Common misconceptions about marrying againWritten by Joe and Michelle Williams
What's inside this article
Prior to our marriage 26 years ago, Joe and I were asked by a friend, "Aren’t you going to get premarital counselling?"
"Oh, we don’t need it," I said with confidence. "We’ve both decided that our past mistakes prepared us for remarriage better than a class ever could."
We were wrong. Within months, we experienced the first of three separations. Even after becoming Christians a few years later, we continued to struggle in our marriage and separated for two years before our final reconciliation in 1990. Then after a long season of healing and through the prompting of our pastor, we started helping others whose marriages were in crisis.
Today, we are in full-time marriage ministry. More than half of the couples who contact us for help have had a divorce, and many are on their third marriages. Like us, most had misconceptions about remarriage and were ill-equipped to face the challenges.
Remarriage expectations are numerous, but here are three myths we hear most often before couples marry again:
- Our remarriage will succeed because we took premarital classes at our church. The truth is, most churches use material geared for first-time marriage. Consequently, issues such as ex-spouses, ex-in-laws, financial problems stemming from divorce, emotional baggage from a failed marriage and much more never get addressed.
- Our remarriage will make it because we lived together first and we really know each other. The truth is, the divorce rate is very high for couples who live together. One study found that the divorce rate is at least 50 per cent higher for couples who live together first. Mike McManus, founder of Marriage Savers and author of Living Together: Myths, Risks & Answers, says, "What many call a ‘trial marriage’ should be called a ‘trial divorce.’ The only question is whether they break up before the wedding or after."
- Our remarriage will work because my new spouse is so different from my previous spouse. Most people remarry without dealing with the issues that caused their previous marriage to end. If you have never taken time to understand how you contributed to your divorce, your new spouse may be different than your ex-spouse, but you are still the same.
Happily ever after?
Because engaged couples want to believe their remarriage will succeed, they are optimistically biased toward myths that create hope. But once the honeymoon is over and challenges specific to remarriage surface, pessimism creeps in.
We’ve noticed that couples tend to believe three myths that fuel hopelessness:
- Now that we have marriage problems, we are doomed.
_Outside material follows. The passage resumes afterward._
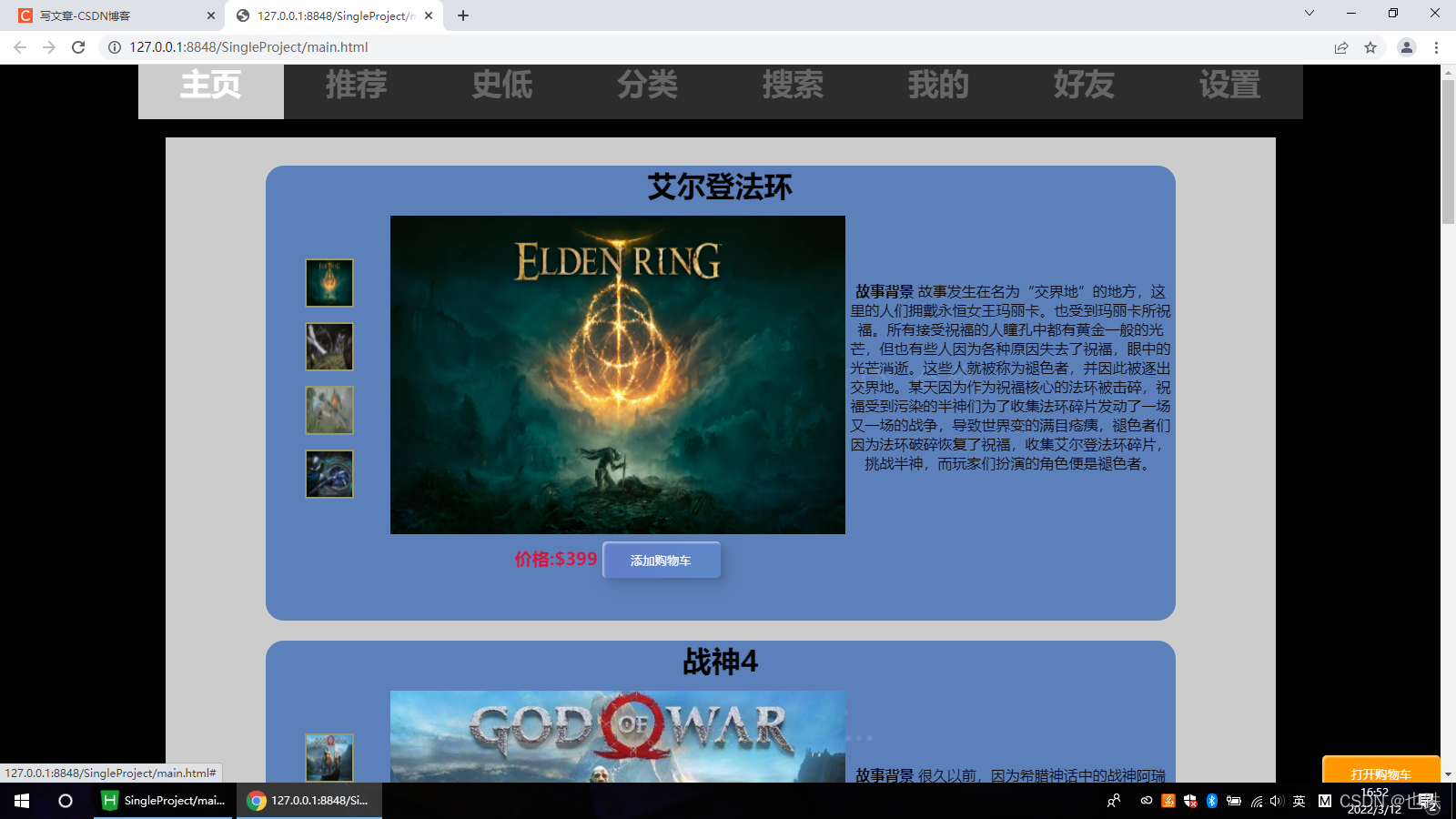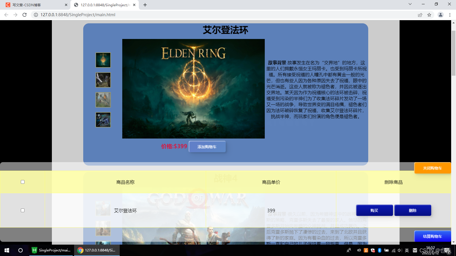 btn.textContent="关闭购物车"

Yes, the divorce rate is higher for couples in a remarriage, but there is plenty of help available today. Your marriage can be saved when you focus on God and get the help you need.
- Because I haven’t bonded with my stepchildren, I will always be an outsider in this family. Don’t be disheartened if things are still messy in your blended family relationships. Hang in there. In almost every stepfamily we know, including ours, the sense of family grows and strengthens over time.
- I can never serve God because of my divorce and remarriage. God uses people with repentant hearts – regardless of their pasts – to spread the good news and help others. Many churches realize that the very ones who can help couples avoid divorce or walk alongside abandoned spouses are those who understand the devastation first-hand.
The beautiful reality? Once you have an intact remarriage with God at the centre, you will be uniquely qualified to help others in their marriages, too.
Joe and Michelle Williams served on staff at Shelter Cove Community Church in Modesto, California, at the time of publication. Together, they authored the book Yes, Your Marriage Can be Saved.